Rau war so etwas wie ein Papa für viele Musiker. Er holte Bob Dylan, die Rolling Stones oder Jimi Hendrix nach Deutschland. Er veranstaltete Konzerte für Miles Davis und Marlene Dietrich. Für Blues Fans unvergessen sind die Tourneen mit den von ihm und Horst Lippmann produzierten “American Folk Blues Festivals”.

Seinen 80. Geburtstag feierte er in der ehrwürdigen “Alten Oper” in Frankfurt. Hier verneigten sich vieleMusiker und Bands vor dem lautstarken, aber immer warmherzigen Menschen, darunter Peter Maffay, Udo Lindenberg mit dem Panik-Orchester, Howard Carpendale, die Barrelhouse Jazz Band, United Blues Experience, Inga Rumpf, Nana Mouscouri, Ula Meinicke oder Emil Mangelsdorff. Er schrieb auch eine Autobiographie mit dem Titel “50 Jahre Backstage”.

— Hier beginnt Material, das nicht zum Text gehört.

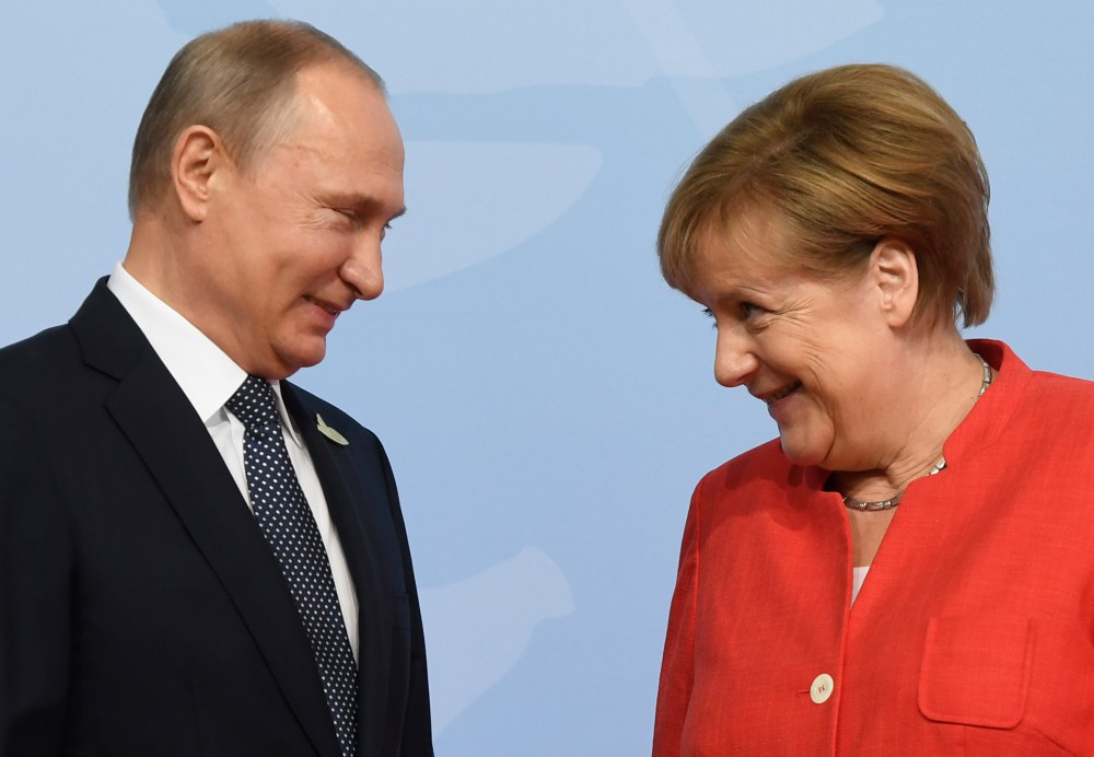Thủ tướng Đức Angela Merkel chào mừng Tổng thống Nga Vladimir Putin khi ông đến tham dự hội nghị thượng đỉnh G-20 ở Hamburg, miền bắc nước Đức, vào ngày 7 tháng 7 năm 2017. Ảnh: AFP

Die letzten Jahre seines Leben kletterte Rau öfter selbst auf die Bühne und hielt spannende Vorträge, bei denen er sich auch  immer musikalisch begleiten ließ. Jetzt wo er auf die andere Seite der Zeit gewechselt ist darf man darüber rätseln, ob er derzeit im Himmel schon an einer Tournee mit Janis Joplin oder Jim Morrison arbeitet. R.I.P.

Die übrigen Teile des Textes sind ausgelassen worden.